Josef Herman (RA)


Mosek Josek Herman (Josef) was born in Warsaw into a Jewish family in January 1911. His childhood was one of adject poverty and, at the age of 13 he initially trained to be a typesetter, however by 1930 attended the Warsaw School of Art, leaving in 1932. In 1938 to escape Nazi persecution he moved to Brussels, however two years later with Germany about to invade Belgium he fled to France and then onto Glasgow. In 1940 Herman discovered he had lost his entire family in the Holocaust, he channelled his grief into his work, producing ‘memory paintings’ that evoked his childhood and Jewish heritage, along with compositions addressing the horrors of the pogroms.

In 1943, moving to London, Josef exhibited with LS Lowry and was subsequently discovered by the highly respected dealer, Roland Browse and Delbanco in Mayfair, with whom he was then associated with for 35 years.

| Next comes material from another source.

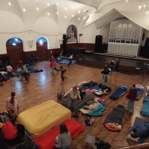 Später machten sich die Kinder fertig fürs Bett. Auf den Matten in der Aula durfte noch ein bisschen geflüstert werden, bevor dann das Licht ausging.

Herman is best known for his paintings of working people, including peasants, fisherman and most notably, coal miners. In 1944 he moved to Wales to a mining community in Ystradgynlais where he lived for 11 years. In 1951 he was commissioned to paint a mural of miners for the Festival of Britain, this is now housed in the Museum of Wales in Cardiff. In 1952 he joined the London Group and over the next 20 years had many solo exhibitions, displays and retrospectives including Leicester and York (1953), Wakefield (1955), the Whitechapel Gallery in London and the Auckland Gallery in New Zealand (1956), Melbourne (1957), Frankfurt and Sheffield (1958), Bradford (1959) and Swansea (1963). Dresden, Toronto and Montreal also hosted solo exhibitions, while galleries in Britain and abroad started to acquire his work. The Tate Gallery owns many drawings by him and some of his best paintings.

He had a third retrospective exhibition in 1975 at the Glasgow Museum and Art Gallery, and in 1976 his fourth and most important at the Camden Art Centre.

In 1962, Herman was awarded the Royal National Eisteddfod's Gold Medal. He was awarded the OBE in 1981, and in 1990 he was elected to the as a Royal Academy and he had an exhibition, Children of North End Road, at the Royal Academy, London.